Originally the OO railway locomotives were powered by an unconventional 2 pole DC electric motor. Many of their diecast items were manufactured with impure mazac, which was all that was available immediately after the War. MZAC is an alloy of Magnesium, Aluminium, Zinc and Copper, in a similar vein to Zamak, which later crumbled due to Zinc pest.

Graham Farish really found its market niche with the arrival of N scale becoming the major supplier of British outline N scale models under the GRAFAR label at a time when the market was shrinking and the other OO gauge players were suffering badly. The initial range in 1970, started with the 9400 Pannier Tank loco, 4 wheel coaches, bogie 'suburban' stock (based on Period 2 LMS suburban stock) and 'Mainline' bogie stock (based on Southern coaches); which have appeared in Caledonian, LMS, GWR, LNER and SR liveries.

After the withdrawal of two competitive mass-market manufacturers, the Italy-based Lima and German based Minitrix, from the late 1980s Grafar was the only major supplier of British outline models in N scale - predicating its withdrawal from the OO scale market in light of greater competition in the developing collector scale market. Early 1970s products were made with three pole armature motors. They were also equipped with all brass gears. In the early 1980s the motors were improved with five pole armatures. At about the same the gears were replaced with white nylon gears, which were only produced for a short time. The nylon gears were replaced with thin black plastic gears; these could suffer from splits, making the models run badly or not at all. These gears were eventually all replaced by thicker plastic gears, to produce a much more reliable and popular range of locomotives. By the late 1990s the GRAHAM FARISH N Gauge Range 350 lines including a huge variety of Locomotives, Coaches, Wagons, Buildings and complete train sets from starter sets all the way up to the 8 ft x 2 ft 6in Magnum Layouts which came complete with all track laid, and a full set of building kits to complete it.

==Takeover by Kader==
In 2000, Graham Farish was purchased by Bachmann Industries, a subsidiary of Kader Industries. In 2001 all manufacturing was moved to Kader's Hong Kong factory. As a result the Poole facility closed.
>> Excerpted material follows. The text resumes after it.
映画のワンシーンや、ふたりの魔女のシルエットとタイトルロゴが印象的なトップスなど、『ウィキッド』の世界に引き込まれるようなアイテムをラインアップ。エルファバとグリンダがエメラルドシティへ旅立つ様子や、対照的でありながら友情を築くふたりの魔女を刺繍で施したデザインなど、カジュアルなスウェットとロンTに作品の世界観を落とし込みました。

Bachmann have since increased the size of the Farish range, by duplicating models introduced to the Bachmann OO range: the detail investigation and pre-production of an original railway vehicle is more detailed for an OO scale model, while for production into N scale there is a simply a down-scaling of most components for production. Hence normally, an OO scale Bachmann Branchline model is followed between 6 months to a year later by an N scale Graham Farish model – with the Voyager diesel set being an example.
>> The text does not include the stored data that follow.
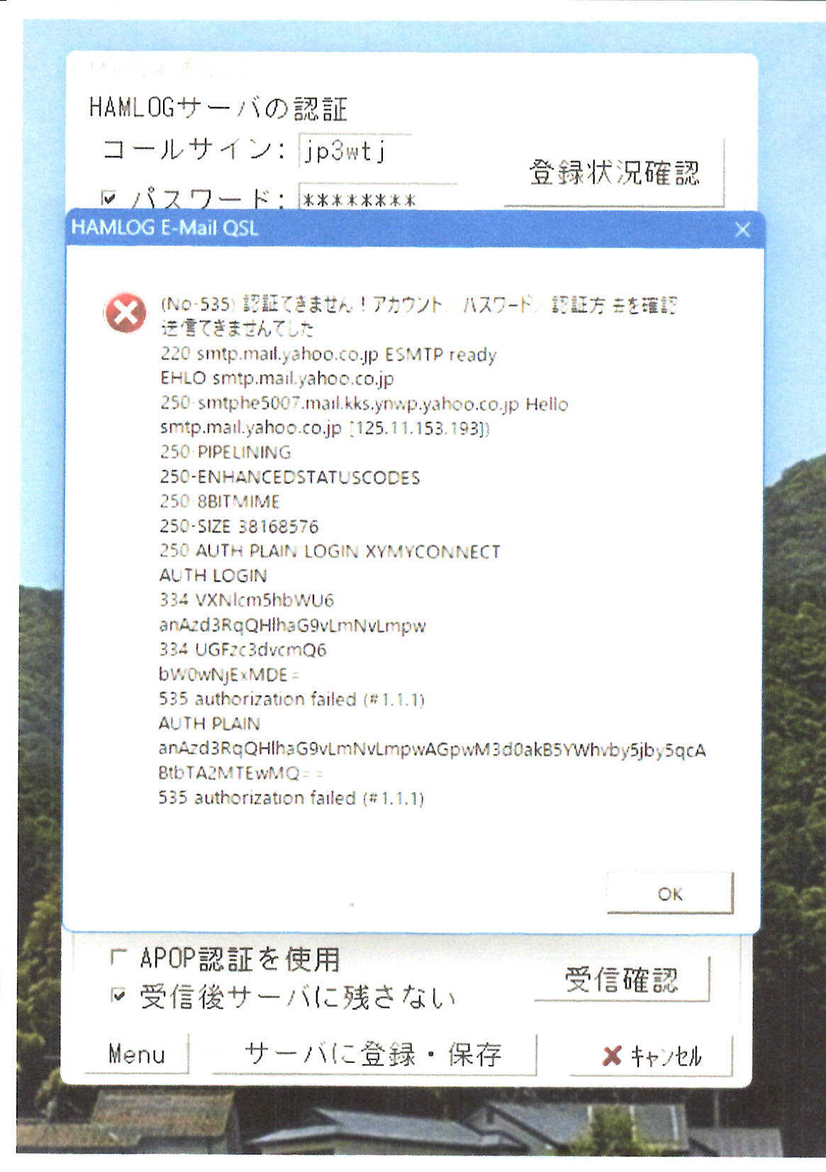通信設定が隠れているので何とも言えませんが、535番の認証エラーが出てます。
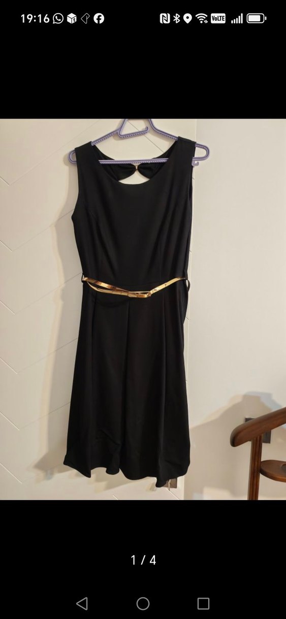 Klasik zarafette, yuvarlak yakalı, kolsuz ve oturan kesim siyah uzun elbise, altın kemer detayına sahip, minimalist gotik tarzda. Sırtında fiyonklar var
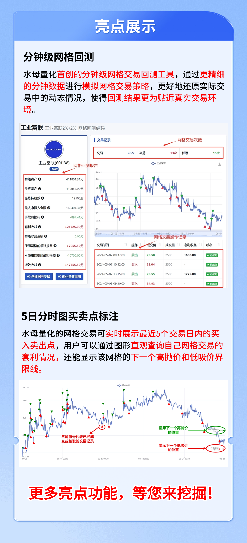 · 分钟级网格回测启用,精准验证参数,减少实盘风险。

Bachmann have introduced a selection of models; the BR Standard 3MT 2-6-2T, the LMS Jubilee, Rebuilt Scot, Black 5, Stanier Class 8F, B1 4-6-0, 4MT 2-6-0, A1 (including new-build Tornado 60163), Period 3 coaches and LMS brake (or guards) van; for the modern era, classes 03, 04, 08 and 14 diesel shunters, class 42 'Warship', class 24 class 37, class 47, class 66 freight locos, prototype Deltic, classes 108, 101, 153 DMU and a variety of freight wagons.

==Comparison==
Graham Farish products are generally divided into two categories. British made equipment is sought more by collectors because it is older and British, while model railway users generally prefer the more robust and detailed Chinese-built models. The way to tell these two types apart is that UK built models have a yellow sticker on the ends of the box and models built in China have a white sticker on the end.